More specifically, they have (1) simply excluded the inter-factor correlations (e.g., Forero,
Maydeu-Olivares, & Gallardo-Pujol, 2009); (2) used homogeneous values for the population
inter-factor correlations (e.g., Beauducel & Herzberg, 2006; DiStefano, 2002); or (3)
examined the joint performance of both factor loading and inter-factor correlation estimates
(e.g., Lei, 2009; Yang-Wallentin, Jöreskog, & Luo, 2010), leaving the undetermined
performance of inter-factor correlation estimates.

When a researcher employs an SR model to study relational phenomena among latent
constructs of interest, the ultimate goal is to identify successfully the structural coefficients
(inter-factor correlations, structural regression coefficients, and possibly mediating effects),

26

given a tenable measurement model. The SR model proposed here has its practical advantage
of allowing applied researchers to study the inter-factor correlations, direct effects, and
mediating/indirect effects, which are not uncommon in published research. Heterogeneity of
structural regression coefficients and inter-factor correlations in the proposed SR model is
more realistic in applied settings and can also assess the effect of structural coefficient
magnitude.

Hoogland and Boomsma (1998) systematically reviewed 34 studies in SEM from 1984 to
1994. They found that 89% used CFA models and 11% employed SR models. The
aforementioned literature search from 1994 to 2013 that I conducted reflects a growing
interest in SR models (about 30% of 59 studies). Researchers also arrived at the same
recommendation that future research on a more complex SR model is needed (see, e.g.,
Bandalos, 2006; Beauducel & Herzberg, 2006; Flora & Curran, 2004; Rhemtulla,
Brosseau-Liard, & Savalei, 2012). In this study, an effort was undertaken to extend the
existing literature (Anderson, 1996; Coenders, Satorra, & Saris, 1997; Ethington, 1987) on
sample size, ordinal observed distributions, and number of observed variables’ categories to a
broader set of structural regression models with ordinal observed variables. This study aims to
address several important limitations of generalizability applied to the work by Anderson
(1996) and Coenders, Satorra, and Saris (1997), in which (1) both studies failed to incorporate
robust corrections to standard errors and chi-square statistics due to unavailability of
computer programs; (2) one merely used two ordinal observed variables for each latent
construct in the SR model, not generally reflecting realistic applications; and (3) both left the
effect of number of observed variables’ categories outside the simulation design. Therefore,
the proposed model design in this study first attempts to complement the related prior

27

research, and findings are expected to assist applied researchers in making more informed
decisions while analyzing an SR model with ordinal observed indicators.

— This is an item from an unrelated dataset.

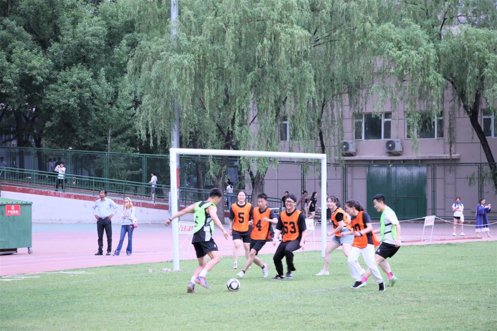 贾鹏书记为本次足球友谊赛致开幕词,他讲到学院永远是大家的后盾,学院的大门永远为你们敞开。随后副书记贾鹏为本场比赛开球,伴随着一声哨响,比赛正式开始。本次比赛由研一、研二学生对阵毕业生,伴随着比赛的进行,一个又一个精彩的进球将现场氛围不断推向高潮,现场的掌声也此起彼伏。比赛中场休息时,同学们与研究生导师进行了趣味游戏,增进了师生情谊。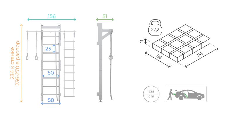 ДСК «Шведская стенка ROMANA Eco2.1» является более модернизированной версией модели деревянной шведской стенки. Для комплекса характерно два вида крепления (к стенке и враспор) и наличие навесного оборудования. Это расширенная версия с современным дизайном для использования в домашних условиях. Высота комплекса составляет до 2700 мм. Допустимая нагрузка до 100 кг, на навесное оборудование – до 50 кг.

Second, although MLR is not designed specifically for ordinal data on response variables,
one may assume that data are “approximately continuous” if the number of observed variables’
categories is sufficiently large. In practice, empirical researchers have congruously performed
MLR in ordinal CFA or CFA-based models when the number of categories for each observed
variable is more than five. Yet, unlike other robust ML estimators, MLR implemented in Mplus
has not been systematically evaluated by means of a Monte Carlo simulation study in the
literature, although its robust correction is similar but not equivalent to other robust ML
estimators (e.g., MLM in Mplus or ML, ROBUST in EQS). The inclusion of WLSMV and ULSMV in
the study also contributes to the existing literature because (1) MLR and WLSMV are very often
regarded as the most common estimators in an SR model with ordinal observed indicators due
to the violation of normality assumption; and (2) ULSMV has been shown to have some relative
superiority over ML with robust corrections in the analysis of ordinal confirmatory factor
models (Yang-Wallentin, Jöreskog, & Luo, 2010; Rhemtulla, Brosseau-Liard, & Savalei, 2012),
although it has less appeared in applied research.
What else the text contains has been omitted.